Aah, regexes, I love them! You forgot to escape the dot here. And using
triple quotes avoids the backslash proliferation that makes me cringe in
Java:
private val timePattern = """\d\d:\d\d;\d\d\.\d{3}""".r

> private val splitTime = Calendar.getInstance();

You can drop (); there...

> private var counter = 0; // How can I eliminate the mutable counter?

Not sure if it is really necessary here. I saw a similar counter in
Akka, in the FSM implementation (counting the number of generations),
for example.

> /**
> * Parameters time>
> */
> def main(args: Array[String]) {

Even for simple test code, you should check the number of args and
report nicely (showing an usage string) to the user if it isn't what is
expected. Better than showing a stack trace...

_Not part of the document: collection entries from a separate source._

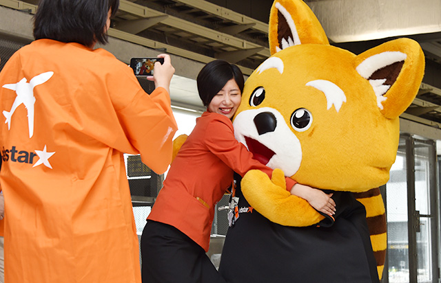 ジェッ太に抱きつくジェットスターの地上係員(中)=19年5月14日 PHOTO: Yusuke KOHASE/Aviation Wire
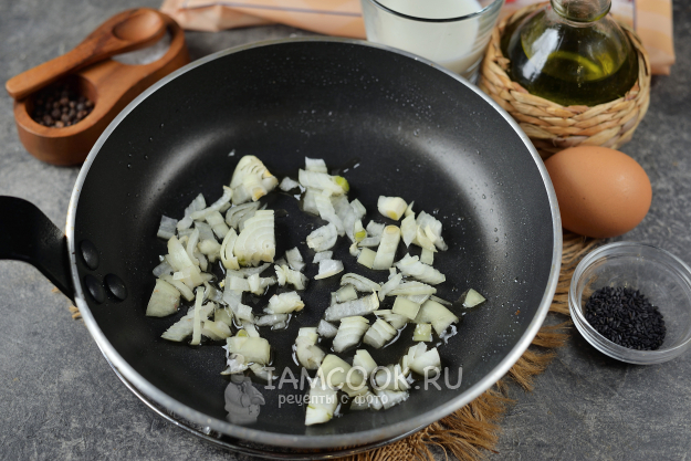А пока нарежьте лук мелким кубиком, обжарьте в минимальном количестве растительного масла до мягкого состояния, минуты 3.
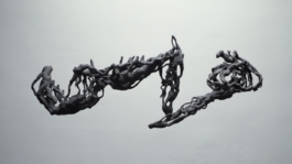 Alberto Giacometti mit seinen Figuren, die ängstlich, zitternd und schwach erscheinen, sind die Inspiration für die Ästhetik dieses Wort-Objekts. Wie bei alle anderen Objekte auch, ist das zugrundeliegende Wort ("Angst" auf Persisch) hier auch lesbar.
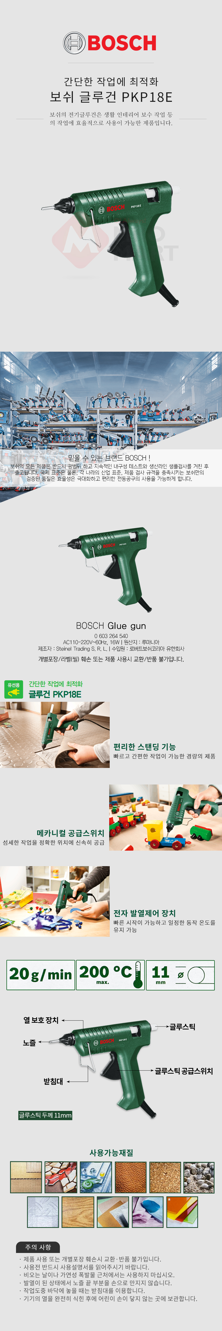 보쉬 PKP18E 글루건 0603264540 핫멜트 접착제 본드총 리폼 공예
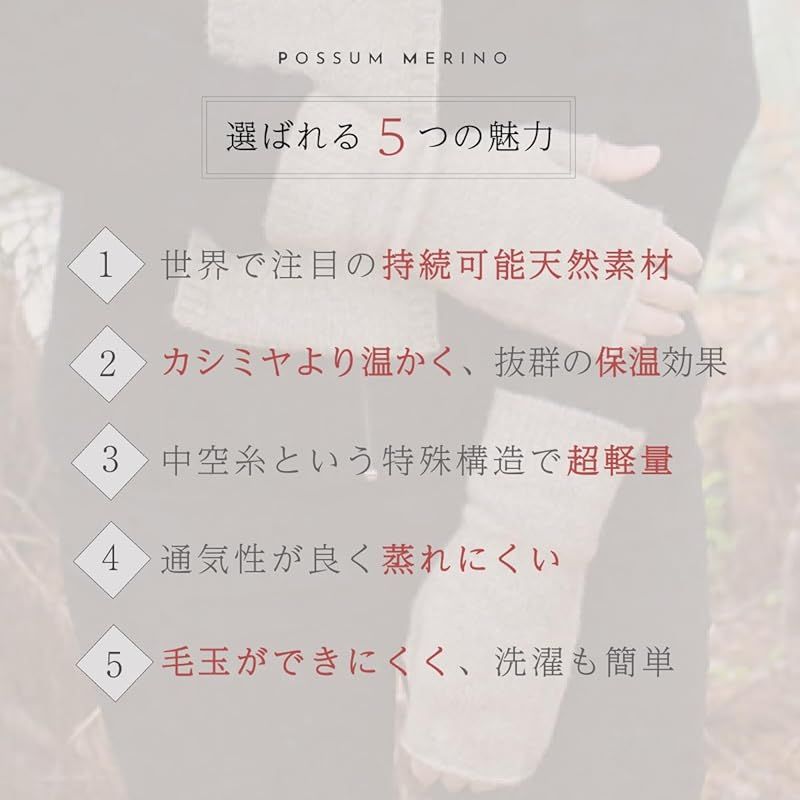 ?優れた保温性・ポッサムとメリノウールのブレンドは、カシミヤより暖かく寒い季節でもしっかり手を暖めます。

> val inputFile = new File(args(0))
> val outputFile = new File(args(1))
> splitTime.setTime(timeFormat.parse(args(2)))
> val encoding = args(3);
>
> val sc = new Scanner(inputFile, encoding)
> val pw = new PrintWriter(outputFile, encoding)
>
> sc.useDelimiter("\n\r\n");
> // Any chance to get rid of the imperative style code without
> // Having to read the entire file at once?
> while (sc.hasNext) {
> val line = sc.next()
> val originalEntry = readEntry(line)
> if (originalEntry.start.after(splitTime.getTime)) {
> pw.print(buildEntryForSplittedFile(originalEntry))
> }
> }

Again, imperative style can be OK, particularly here where you produce
only side effects. But if you want something more idiomatic, you can use
something like:

import collection.JavaConverters._
for (line <- sc.asScala) { // Converts Java iterator to Scala one
val originalEntry = readEntry(line)
// ...
}

> sc.close() // Ok, I know about try and finally, this was pure
> laziness

Well, if your command line tool crashes, no need for clean closing of
files, I think... But indeed, nicer error messages can be good.

> pw.close()
> }
>
> private def readEntry(string: String)= {
> val sc = new Scanner(string)
> sc.nextLine // Skip original id
> val start = timeFormat.parse(sc.findInLine(timePattern))
> val end = timeFormat.parse(sc.findInLine(timePattern))
> sc.useDelimiter("\\Z")
> val text = sc.next()
>
> Entry(0, start, end, text)
> }
>
> private def buildEntryForSplittedFile (originalEntry: Entry) = {
> val id = counter + 1;
> counter = counter + 1;

counter += 1
val id = counter // or just use counter in the constructor

> val newStart = subtractTimes(originalEntry.start, splitTime)
> val newEnd = subtractTimes(originalEntry.end, splitTime)
>
> Entry(id, newStart, newEnd, originalEntry.text)
> }
>
> private def subtractTimes(t1 : Date, t2: Calendar) = {
> // And again, can I ger rid of the mutable calls with resorting to
> external libraries such as Joda-time?
> val t3 = Calendar.getInstance()
> t3.setTime(t1)
> t3.add(Calendar.MILLISECOND, - t2.get(Calendar.MILLISECOND))
> t3.add(Calendar.SECOND, - t2.get(Calendar.SECOND))
> t3.add(Calendar.MINUTE, - t2.get(Calendar.MINUTE))
> t3.add(Calendar.HOUR_OF_DAY, - t2.get(Calendar.HOUR_OF_DAY))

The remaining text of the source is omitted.